Although the entries contain pictures, your copy should hold only their exact text.

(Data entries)
__________

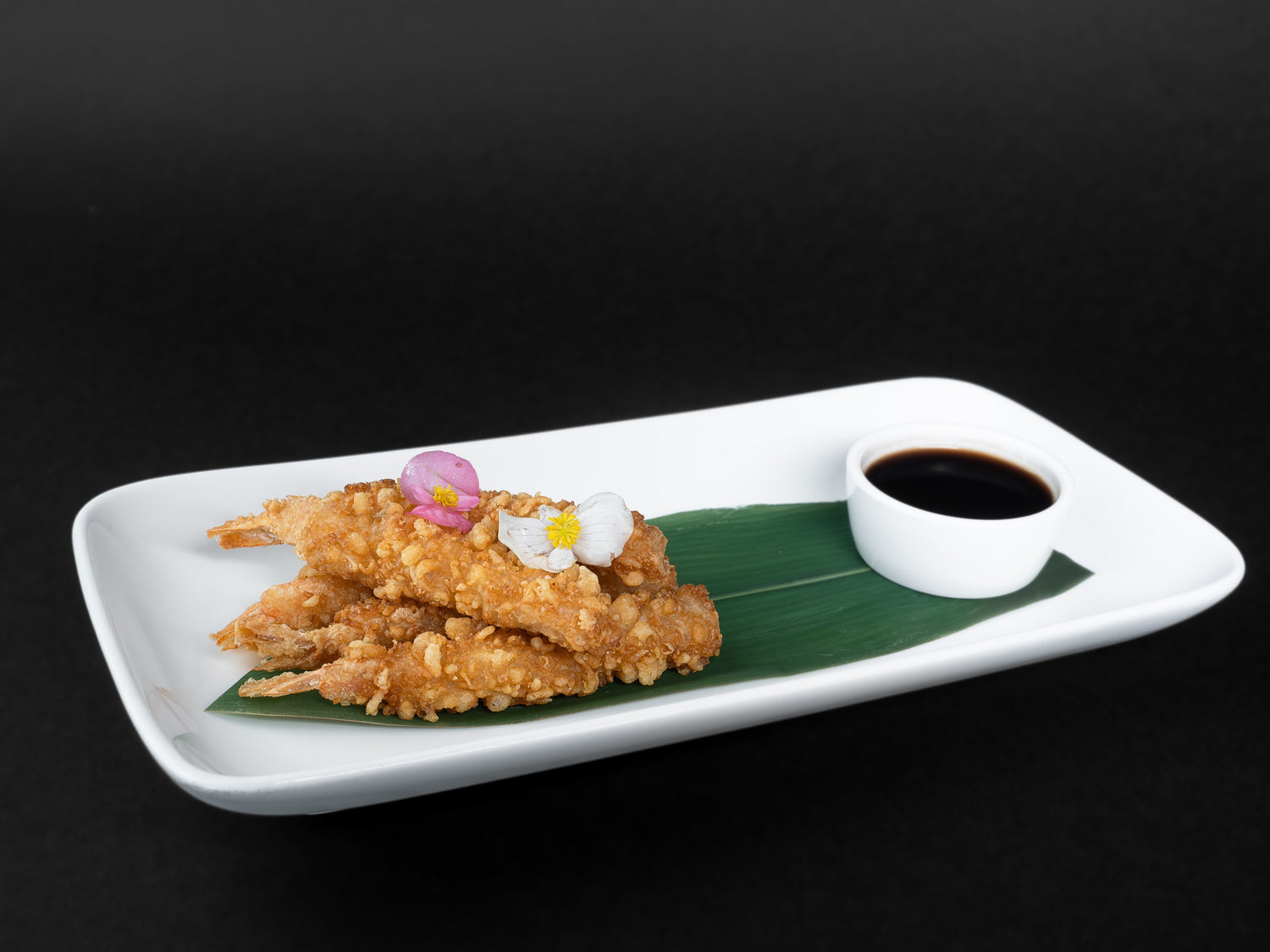 Creveți prăjiți, tavăliți usor în aluat și usor acoperiți în pesmet panko. Serviti cu sos de Tamarind.
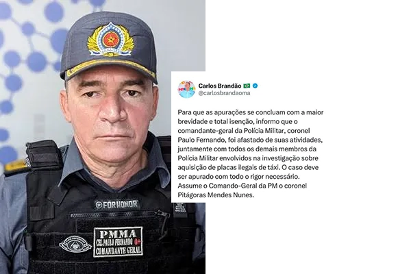 O governador Carlos Brandão exonerou o comandante da PM do Maranhão, coronel Paulo Fernando, após denúncias de envolvimento em um esquema de alvarás falsos para táxis. O coronel Pitágoras Mendes Nunes assume o comando em meio à crise.
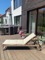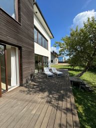 - Фасад: частично отделан лиственницей из Иркутской области.
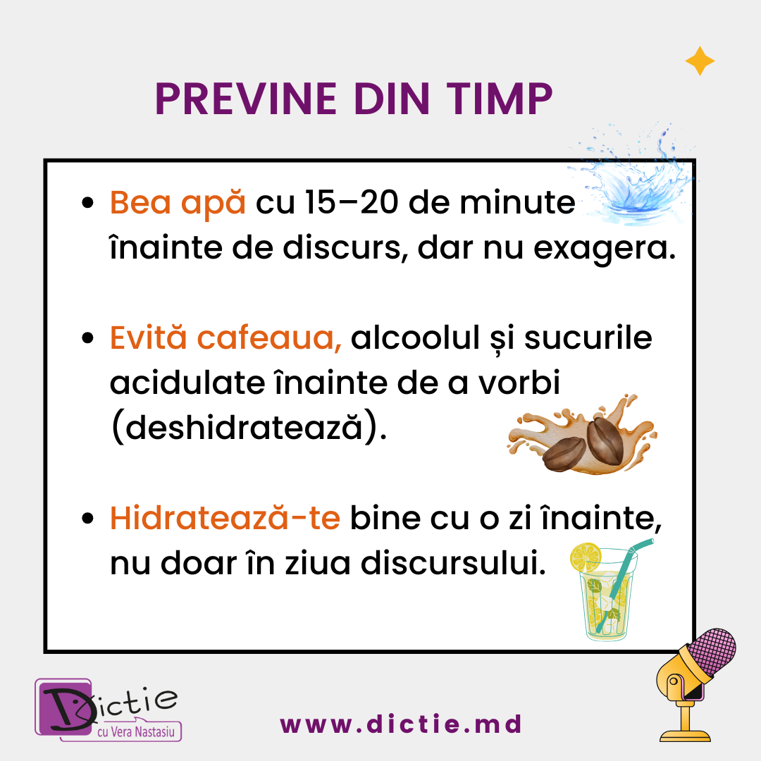 Bea apă cu 15–20 de minute înainte de discurs, dar nu exagera.
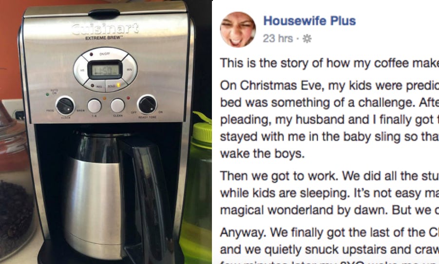 Christmas is over, and much like the pain of child birth, the memories are beginning to soften around the edges a little for parents everywhere. Memories of those stressful hours of shopping are starting to be replaced by sweet thoughts of Christmas Eve snuggled up by the Christmas tree. Because this is how most people manage to get excited every year; you have to forget the stress and retrain your brain to remember all of the good things. It's a good idea to write some of the better stories down, like this mom's post about how her coffeemaker saved Christmas. She's going to want to hold on to this gem from year to year, because you know it's going to become part of her family lore.
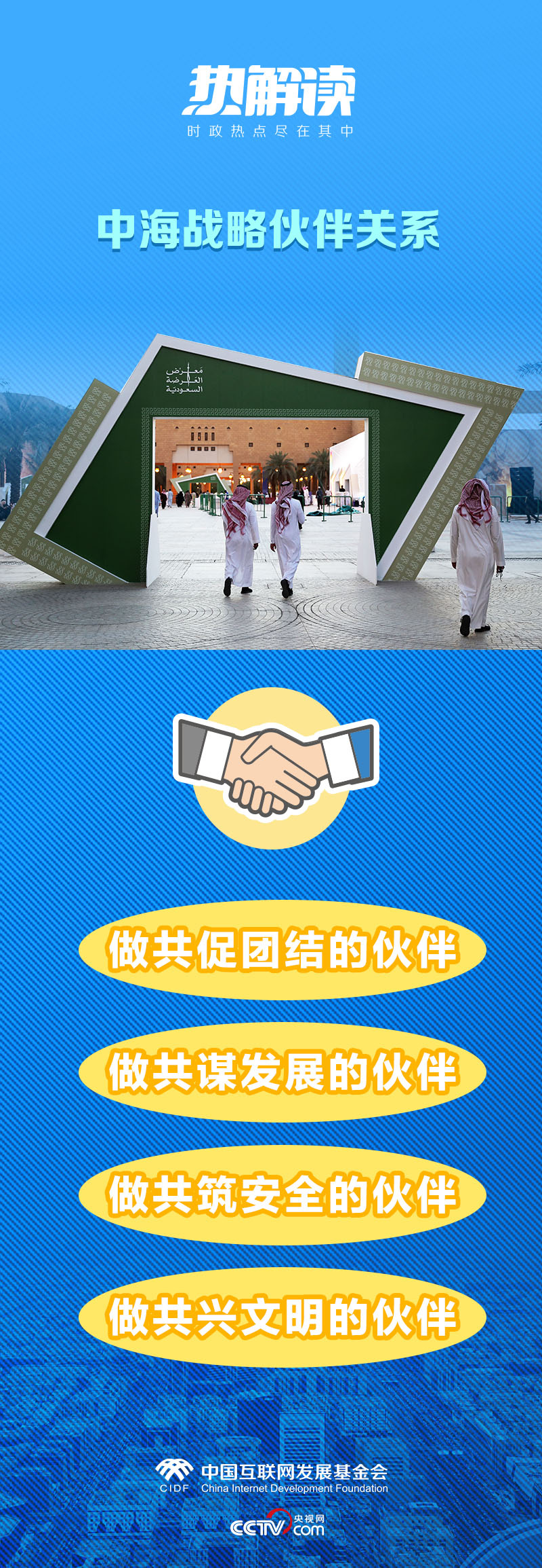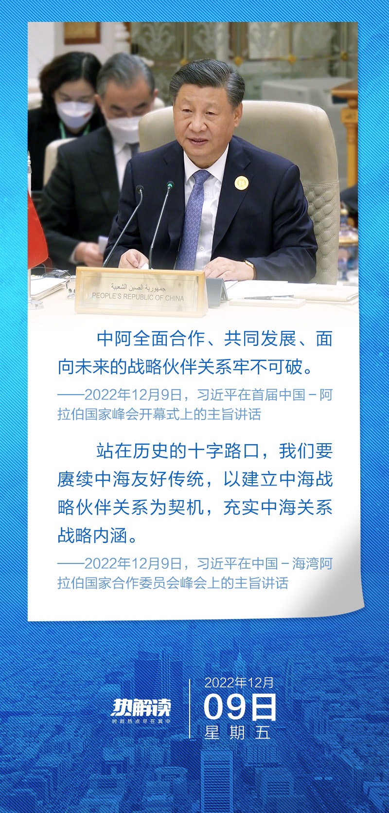 “帶著(zhù)中國人民的深情厚誼,我再次來(lái)到利雅得,同阿拉伯朋友一道召開(kāi)首屆中國-阿拉伯國家峰會(huì )、中國-海灣阿拉伯國家合作委員會(huì )峰會(huì ),并對沙特進(jìn)行國事訪(fǎng)問(wèn)?!痹陬}為《傳承千年友好,共創(chuàng )美好未來(lái)》的署名文章中,習主席開(kāi)宗明義指出此次中東之行的目的是發(fā)揚光大中阿、中海、中沙傳統友好,開(kāi)啟中國同阿拉伯世界、海灣阿拉伯國家、沙特阿拉伯關(guān)系新時(shí)代。
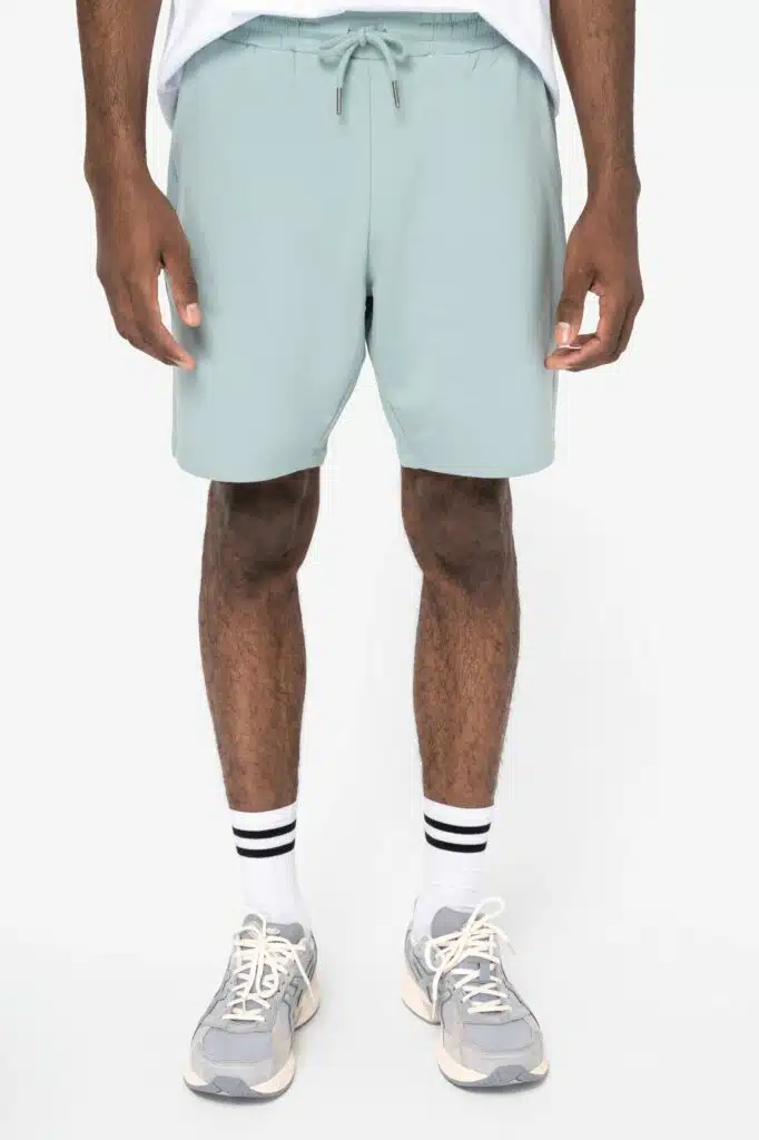 48% modal TENCEL™* / 47% coton biologique / 5% élasthanne. Toucher ultra doux. Ceinture élastiquée. Cordon rond avec embouts en métal recyclé. Poches latérales. Fausse braguette. Poche arrière avec zip caché en nylon recyclé et tire-zip en métal recyclé. * TENCEL™ est une marque de Lenzing AG.

__________

Response below:
 Creveți prăjiți, tavăliți usor în aluat și usor acoperiți în pesmet panko. Serviti cu sos de Tamarind.
 O governador Carlos Brandão exonerou o comandante da PM do Maranhão, coronel Paulo Fernando, após denúncias de envolvimento em um esquema de alvarás falsos para táxis. O coronel Pitágoras Mendes Nunes assume o comando em meio à crise.
 - Фасад: частично отделан лиственницей из Иркутской области.
 Bea apă cu 15–20 de minute înainte de discurs, dar nu exagera.
 Christmas is over, and much like the pain of child birth, the memories are beginning to soften around the edges a little for parents everywhere. Memories of those stressful hours of shopping are starting to be replaced by sweet thoughts of Christmas Eve snuggled up by the Christmas tree. Because this is how most people manage to get excited every year; you have to forget the stress and retrain your brain to remember all of the good things. It's a good idea to write some of the better stories down, like this mom's post about how her coffeemaker saved Christmas. She's going to want to hold on to this gem from year to year, because you know it's going to become part of her family lore.
 “帶著(zhù)中國人民的深情厚誼,我再次來(lái)到利雅得,同阿拉伯朋友一道召開(kāi)首屆中國-阿拉伯國家峰會(huì )、中國-海灣阿拉伯國家合作委員會(huì )峰會(huì ),并對沙特進(jìn)行國事訪(fǎng)問(wèn)?!痹陬}為《傳承千年友好,共創(chuàng )美好未來(lái)》的署名文章中,習主席開(kāi)宗明義指出此次中東之行的目的是發(fā)揚光大中阿、中海、中沙傳統友好,開(kāi)啟中國同阿拉伯世界、海灣阿拉伯國家、沙特阿拉伯關(guān)系新時(shí)代。
 48% modal TENCEL™* / 47% coton biologique / 5% élasthanne. Toucher ultra doux. Ceinture élastiquée. Cordon rond avec embouts en métal recyclé. Poches latérales. Fausse braguette. Poche arrière avec zip caché en nylon recyclé et tire-zip en métal recyclé. * TENCEL™ est une marque de Lenzing AG.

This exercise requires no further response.